Lucene chooses which parts it needs to update, as mentioned above I'd
like to investigate this path and take control of the index structure,
but that's far-future planning :)

Emmanuel Bernard wrote:
> Bela Ban wrote:
>> You could use the cluster view, which is the same across all nodes, and
>> pick the first element in the list. Or you could run an agreement
>> protocol, which deterministically elects a master.
>
> Looks simple, deterministic and elegant.

Agreed, that looks like a clean solution, but would scale better if we
could decide a master for each different index, to spread the load
instead of choosing always the same node for all the work, ideas on
that?
I could hash the indexname (the identifier) and % cluster view list size, WDYT ?

Emmanuel Bernard wrote:
> So basically, following Bela's advice, you would:
> - use the cluster view to elect the master
> - send changes to the master using JGroups
>
> We still need one guaranty: make sure queued changes not applied on the master are going to be processed by the new master (that's why Sanne was thining of using Infinispan as a messaging system I guess).

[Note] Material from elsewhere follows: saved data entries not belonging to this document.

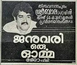 January Oru Orma (transl. January, a memory) is a 1987 Indian Malayalam-language romance film, directed by Joshiy, written by A. R. Mukesh, based on a screenplay by Kaloor Dennis. The film was produced by Tharanjini Films. The film stars Mohanlal and Karthika in the lead roles, while Suresh Gopi, M. G. Soman and Jayabharathi appear in supporting roles.[1][2] The film was a commercial success at the box office. It was declared a super hit.[3] The film has musical score by Ouseppachan.[4]
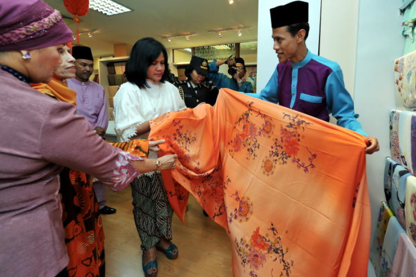 Isteri Presiden Indonesia, Ibu Iriana Joko Widodo melihat kain batik semasa melawat Kompleks Kraf Kuala Lumpur.
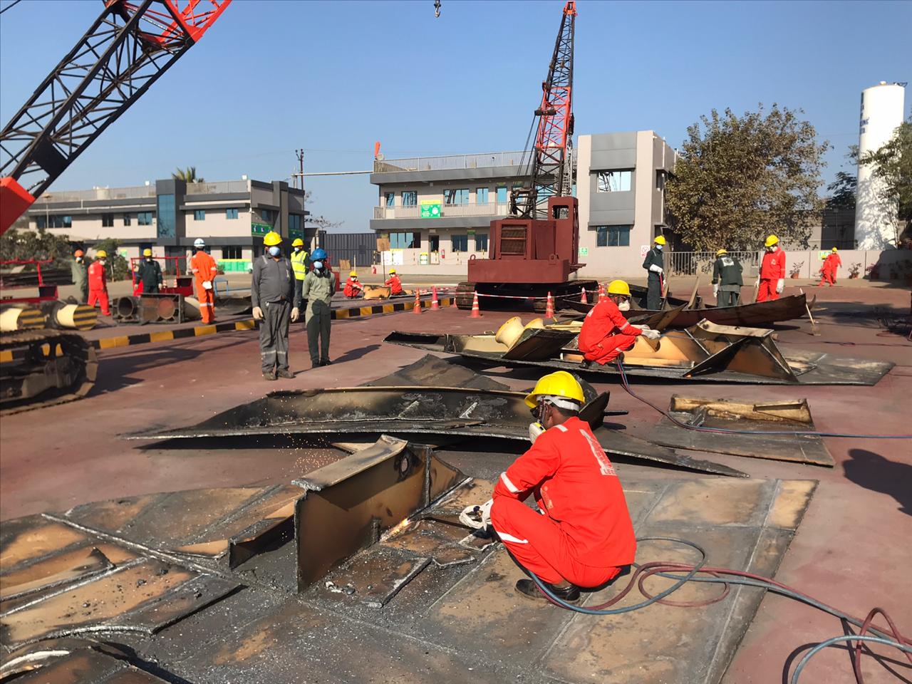 • 알랑 선박 해체장(인도)에서 가스 절단기를 사용하여 강철판 절단
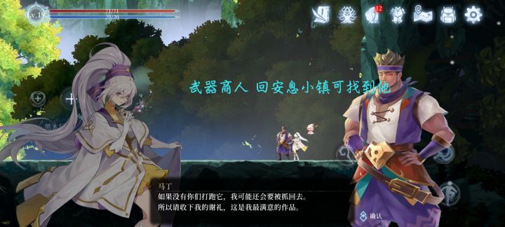 进入翡翠瀑布之后 按照游戏设计好的路线 会直接把玩家引向BOSS 打完之后就是最常用的能力之一 二连跳 而且前面遇到的单眼睛的小飞怪现在也可以踩了 一个下踢键会出现 跳下去会找到一个武器商人 对完话后会返回安息小镇 他卖的鞭子在前期可以过度一下 80多的伤害(1800水滴有点贵) 还有加经验的防具套装 一整哦 其他的嗯...这里有一个地方是去不了的 算是支线任务也是后期完成 到这里差不多了 然后要说的就是不同的地图探索顺序了 因为翡翠瀑布同时对接放逐小镇和引水渠 哦对了 还有宁静水脉 宁静水脉现在没阻挡 可以探了 先说放逐小镇的 这是我经常走的路线
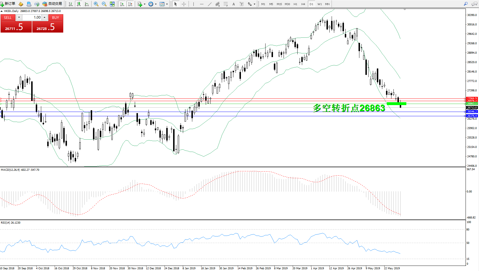 中国内地股市早盘冲高回落,午后维持震荡格局。截至收盘,上证综指跌0.24%,收于2898.70点,周线涨1.60%,月线跌5.84%;香港恒生指数震荡走低,截至收盘跌0.79%,报26901.09点。财政部网站,国务院关税税则委员会0513日决定,自2019610时(即午夜)起,对原产于美国的部分进口商品提高加征关税税率。中国5月制造业再度收缩,官方制造业PMI跌破枯荣线,主要由于订单数量减少,出口订单下降尤为严重。5月份,中国制造业PMI4月的50.1降至49.4,回落0.7点,不及分析人士预期的49.9。非制造业PMI持稳,报54.3,符合预期。本周,中国央行累计开展5300亿元逆回购操作,因本周有1000亿元逆回购到期,本周实现净投放4300亿元。
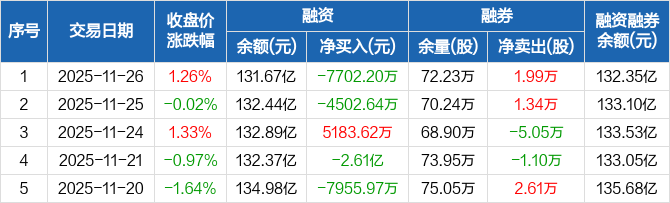 比亚迪:融资净偿还7702.2万元,融资余额131.67亿元(11-26)
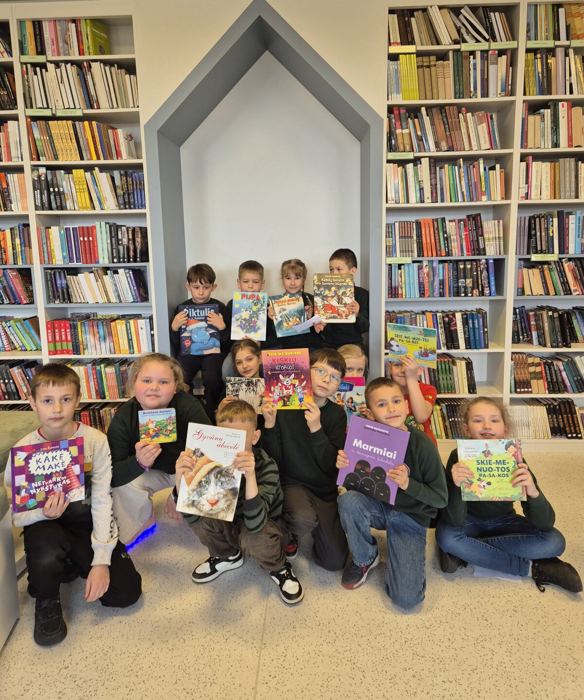 Apžiūrėję biblioteką, pavartę knygeles, nekantrūs pirmokai skubėjo išsirinkti skaitinių ir į namus. Džiugu, kad mūsų mažieji skaitytojai auga tokie smalsūs ir taip mylintys knygą.

Yes that's what I thought, if I store changes-to-be-done in Infinispan
I expect that to be reliable enough - as much as people wants to
configure. You're right about networking inefficiency, ideally I
should need something that was able to select the main storing node,
and have secondary (third..) "buddies" elected by hash.
Total ordering is not needed, but we need to make sure that different
works applying to the same entity instance are applied in the same
order - and it's also fine if they happen to cancel out each other, so
writing changes in a map I could atomically remove work which is done,
or atomically replace outdated work which can be replaced to a new
version when the writer is lagging behind the work production - this
lag could accumulate the whole day, and still have updates to the
index reflected as fast as possible (in current design terms) and
possibly have guarantess that at night all work will be processed -
and duplicates removed as a side effect of key collisions during the
storing.
When using a global queue I'll have to guarantee that all received
work is processed in the same order as they where produced - order has
to match the database transactions to which Hibernate Search was
listening to - when using a map approach I'm confident that MVCC will
help in "seeing" only the most recently put work, which always is the
correct ordering.
The short to identify JGroups ordering contexts is way too limited for
this problem, the context should be defined as unique
type+id+operation to solve this same problem, which is a nice key for
my Map.

I don't want to push for the "Cache bus" approach, but in other cases
I would definitely need some help on the issues above, while the Map
sounds easy to implement now that I also see an easy way to know if
I'm the master or not.
I got puzzled by this SEQUENCER and just read the docs, I'll ask some
more details in an appropriate thread.

Manik, you have an example of how I should send a message to a
selected member by integrating in Infinispan? I think I can figure out
how to send it with some code reading, but I'm mostly lost about how
to receive it? Or maybe you suggest I should share the
JGroupsTransport with totally infinispan-independent code?

thanks all for the excellent feedback,
Sanne